French company Alstom SA on Monday said it had agreed to buy the rail division of Bombardier Inc, speeding up the Canadian firm’s fire sale.
Alstom is to pay up to 6.2 billion euros (US$6.7 billion) in a mix of cash and shares, according to a memorandum of understanding between the firms.
The Quebec pension firm Caisse de Depot, which owns 32.5 percent of Bombardier Transportation, would become Alstom’s biggest single shareholder on completion with about 18 percent of the French company.
Alstom said it planned to move its Americas headquarters to Montreal.
“This acquisition will improve our global reach and our ability to respond to the ever-increasing need for sustainable mobility,” chief executive Henri Poupart-Lafarge said.
“There is no idea of restructuring or threats to jobs, but rather the opposite,” he later told journalists.
The acquisition stood to boost Alstom’s presence in markets where Bombardier is strong — notably Germany, Britain, North America — and also in China, where the Canadian company’s position is “unique,” he said.
Alstom’s move comes a year after the European Commission blocked an attempt at a mega-merger of its rail activities with those of Germany’s Siemens AG.
Berlin, Germany-based Bombardier Transport last year posted sales of US$8.3 billion, ending the year with US$35.8 billion of business on its order books.
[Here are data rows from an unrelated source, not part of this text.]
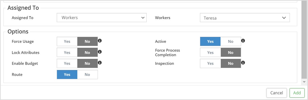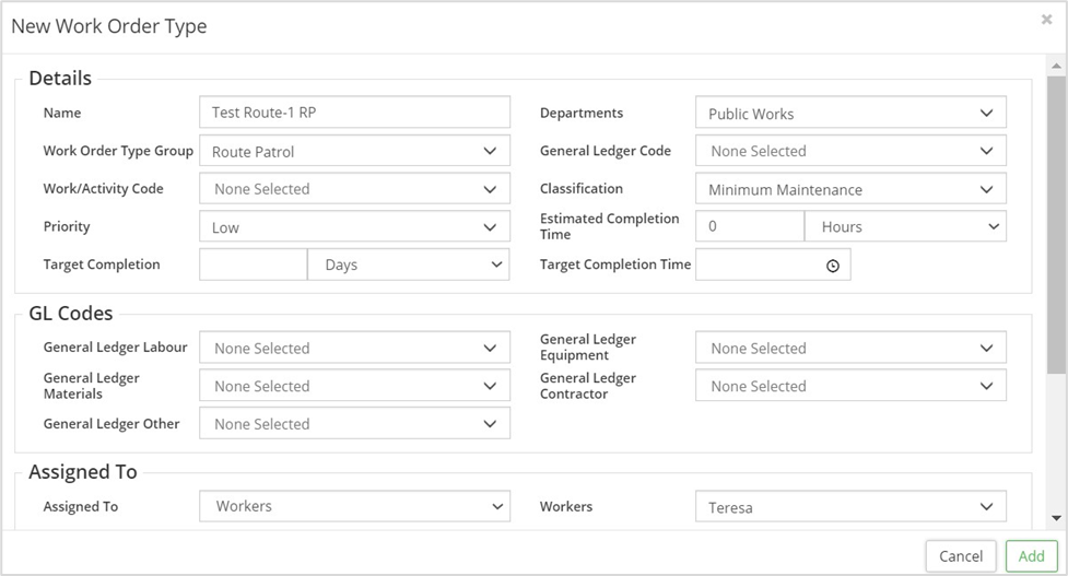 - Click +Add on the WOT grid, to create a Route-WOT for scheduling patrols for Routine Route.
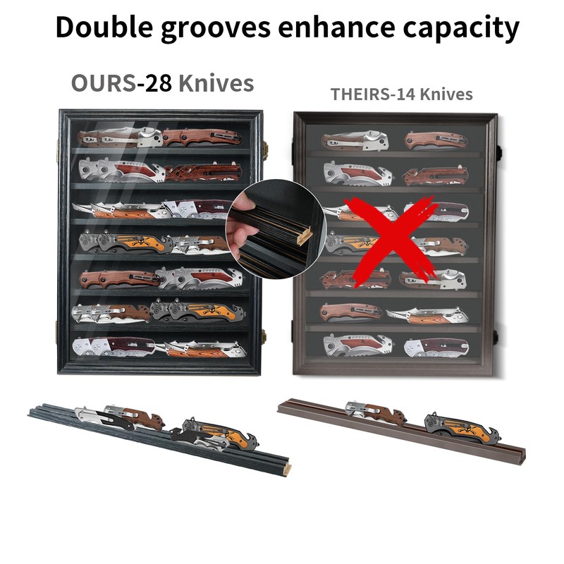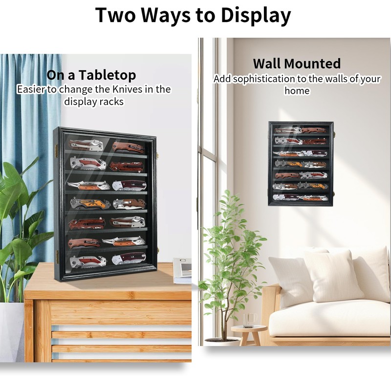 - SAFE PACKAGING: Knife box for pocket knives is a ideal gift for knife cases for collections, outdoor enthusiasts or DIY family and friends! You don't have to worry about packaging, because the pocket knife display cabinet is surrounded by foam 360°to avoid damage during transportation.
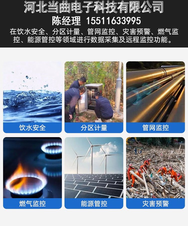 可接流量计、水表、各类智能流量计量仪器(IC射频卡数据存储);可智能语音播报,防拆卸预警功能。电源管理及避雷措施、天线可外置

Alstom’s sales for 2018 and last year came in at US$8.1 billion and the firm had outstanding orders of US$43 billion at the end of 2018.
The company, which makes France’s TGV high-speed trains, employs 36,300 staff, a quarter of them in France.
Adding Bombardier Transport would position Alstom as a global rival to China’s CRRC Corp (中國中車), which boasted sales of about US$30 billion in 2018.